Since we removed the wisteria, honeysuckle, and other invasive plants that long obscured the Veblen House grounds, it has become possible to enjoy the remnants of Elizabeth Veblen's garden. Snowdrops, here in a photo by Joan Marr, peak in late March,
followed by a wave of Scilla at the beginning of April.
The first couple weeks of April are also prime time for daffodils, with most of them likely planted by Elizabeth Veblen and her groundskeeper Max Latterman.
We've sought to restore some of the daffodils in the meadow, where mowing by the county in past decades had greatly reduced their numbers. Daffodils won't survive in a lawn if their leaves are mowed down before the underground bulbs have stored enough solar energy for the next year's bloom.
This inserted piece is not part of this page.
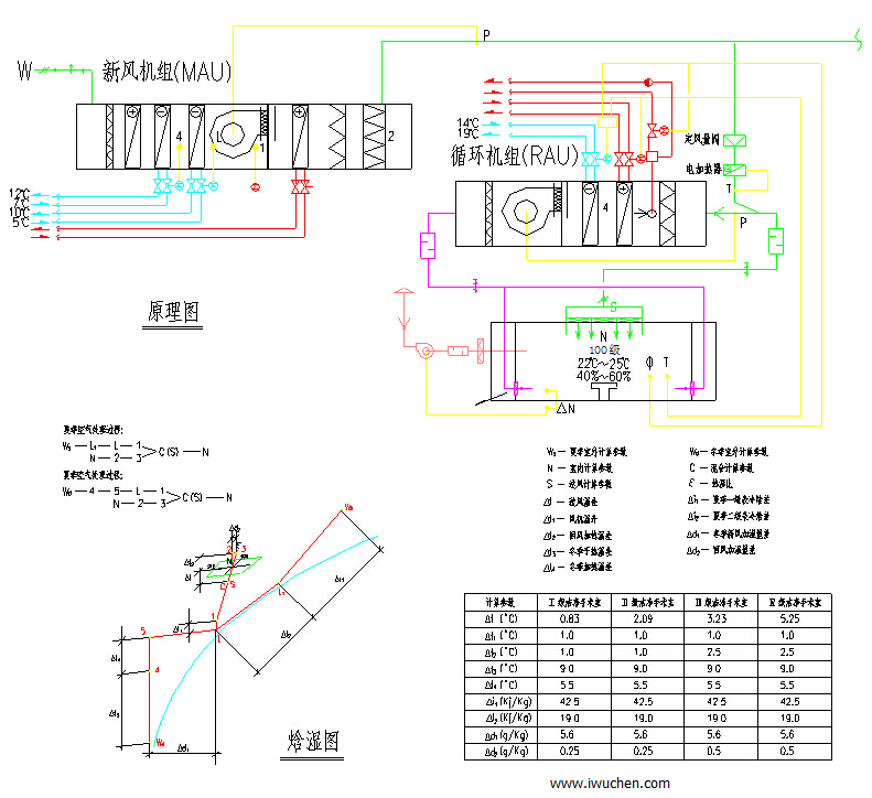 2、第二、第三方案的冷量、热量、加湿量基本相同,第四方案的能耗都小于第二,第三方案,但是在洁净手术室不工作的时间(大约占总时间的2/3)为了保证手术室的洁净度不受外界污染,就必须维持室内的一定正压,即必须向不工作的洁净手术室送一定量的经空调处理的洁净新风,此时第二方案不仅新风机组要运行而且循环机组内的风机也要开启,而第三方案和第四方案仅新风机组运行循环机组可停机节电,这就显出第三和第四方案的优点了。

A Japanese andromeda flatters the backside of the house,
and the second week of April brings blooms of a few remaining primrose,
along with a couple clusters of a pretty flowers called "snowflake." It has the genus name Leukojum, in the Amaryllis family.
Photos from the 1950s show a garden resplendent with tulips and fruit trees--apple, pear and quince. The tulips fell to the rising deer population, and only one pear tree remains from the small orchard that surrounded the house.
Elizabeth died in 1974, but the gardens were maintained to some extent for years afterwards, by the Dogwood Garden Club that used to hold its meetings at the house, and by the Wells family that rented the house from Mercer County until 1998. Wisteria vines took over in the years of neglect that followed.
Native plantings have been added by the Friends of Herrontown Woods since it formed in 2013, mostly in the form of raingardens that divert runoff away from the house. Though many spring ephemerals are blooming in the woodlands beyond the house grounds, the raingarden natives are only now beginning to stir, and won't bloom until summer.